MEPs have voted to adopt a new voluntary standard over the use of the ‘European Green Bond’ label.
According to the European Parliament, the regulation – adopted by 418 votes in favour, with 79 against and 72 abstentions – lays down uniform standards for issuers who wish to use the designation ‘European green bond’ or ‘EuGB’ for the marketing of their bond.
The new standard will become applicable after approval by the Council, following which the text will be published in the Official Journal of the EU and enter into force 20 days from the date of publication. It will start applying 12 months after its entry into force.
Rapporteur Paul Tang said: “Businesses want to make the green transition. And the European Green Bond gives them the best tool yet to help them finance this shift. It provides a transparent and trustworthy tool to drive a company’s transition plan.

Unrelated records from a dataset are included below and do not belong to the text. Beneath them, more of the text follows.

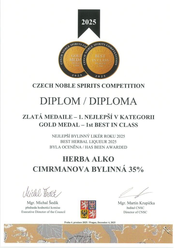 👉 Před pár měsíci získala Cimrmanova bylinná titul „Nejlepší bylinný likér roku 2025“ v celostátní soutěži CNSC a pevně věříme, že se v naší zemičce stane veřejně známým a oblíbeným sladce-hořkým bylinným likérem. 😉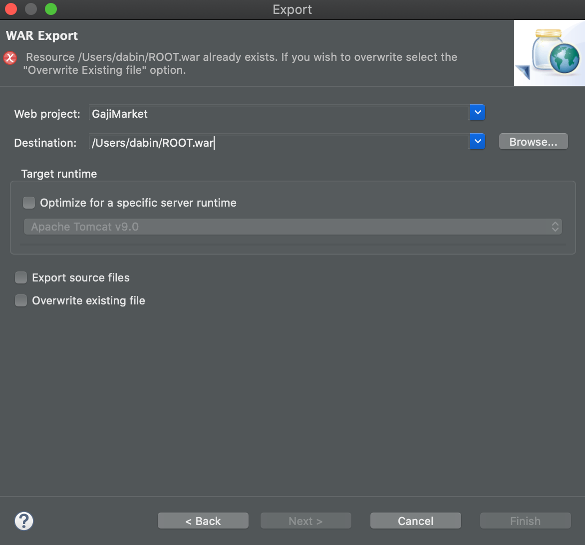 ROOT.war로 설정한 것은 현재 프로젝트의 cotext root가 '/'로 설정되어있기 때문 (위에 경고 문구는 무시)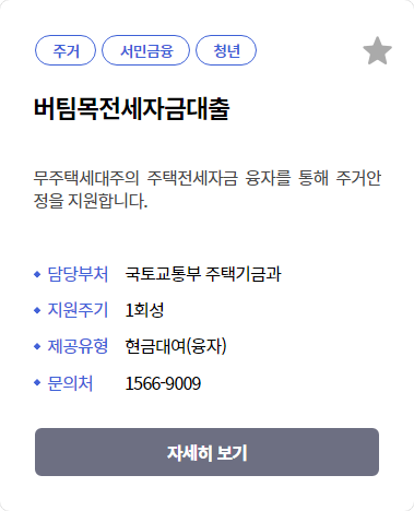 - 전세보증금 : 수도권 3억원(지방 2억원) 이하 * 2자녀이상 가구는 수도권 4억원, 지방 3억원 이하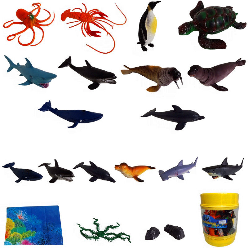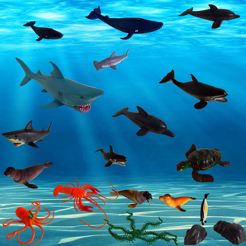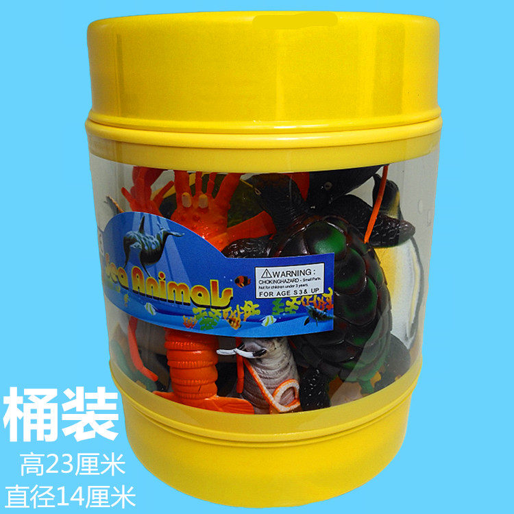 Simulation soft plastic marine life animal model toy set Shark turtle lobster barrel underwater museum with the same paragraph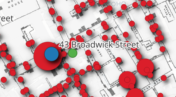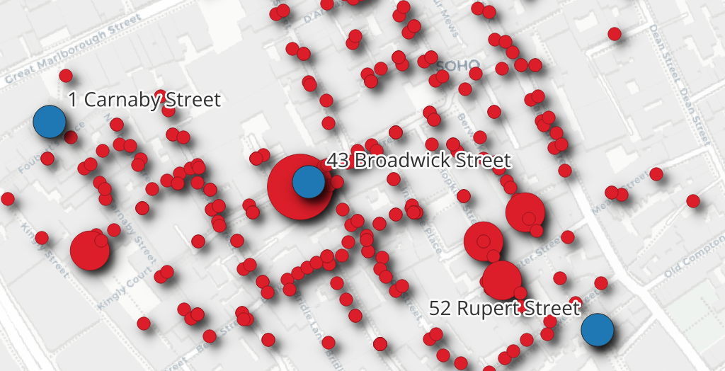 Snow began by doing something deceptively simple: he made a map. He went door to door in the Soho neighborhood, recording the address and number of deaths at each household. He then plotted these locations on a map of the neighborhood alongside the locations of the public water pumps that served the area. The spatial pattern was striking — the deaths clustered tightly around a single pump at the intersection of Broad Street and Cambridge Street (now Broadwick and Lexington Streets).

“The vote is the starting shot for business to get serious about their green bond issuances. Investors are eager to invest in European Green Bonds and, from today onwards, business can start developing them. This way European Green Bonds can boost Europe’s transition to a sustainable economy.”
In addition, the companies choosing to adopt the standards – and thus also the ‘EuGB’ label when marketing a green bond – will be required to disclose considerable information about how the bond’s proceeds will be used. They would also be obliged to show how these investments feed into the transition plans of the issuing company as a whole. The standard therefore requires companies to be engaging in a general green transition.
The disclosure requirements, set out in so-called “template formats”, can also be used by companies issuing bonds that are not yet able to adhere to all the strict standards of the EuGB but still wish to signal their green aspirations.
The regulation also establishes a registration system and supervisory framework for external reviewers of European green bonds – the independent entities responsible for assessing whether standards are being adhered to. It also stipulates that any actual or potential conflicts of interest external reviewers may face are properly identified, eliminated or managed, and disclosed in a transparent manner.
Among those commenting on the development was the World Wildlife Fund, with Jochen Krimphoff, global lead for data, tools and methods at the organisation’s Greening Financial Regulation Initiative, noting: “It is truly encouraging to witness the European green bond standard reinforcing market oversight in its journey from ‘niche’ to mainstream. A notable milestone is the creation of a system of registration and a supervisory framework for external reviewers as proposed by the Commission’s expert group.”
PwC also offered commentary through its Luxembourg office, saying the adoption of the standard was the ‘turning point’ for debut and repeat Green Bond issuers. “We believe the adoption of the EU Green Bond Regulation introducing the EU GB Standard will be the turning point for debut and repeat Green Bond issuers who want to apply what has been regarded as the long-awaited golden standard to be used for Green Bonds issuances and to make a clear statement of being frontrunners in and fully committed to a sustainable future.”
It added: “To name a few, however, the requirements for the proceeds being aligned to the EU taxonomy and getting assurance over the DSNH [‘Do no significant harm’ objective] are challenging elements of the EU GB Standard to be complied with, and it is likely that this voluntary standard will operate alongside ICMA Green Bond Principles and the CBI Climate Bonds Standards for few years to come.”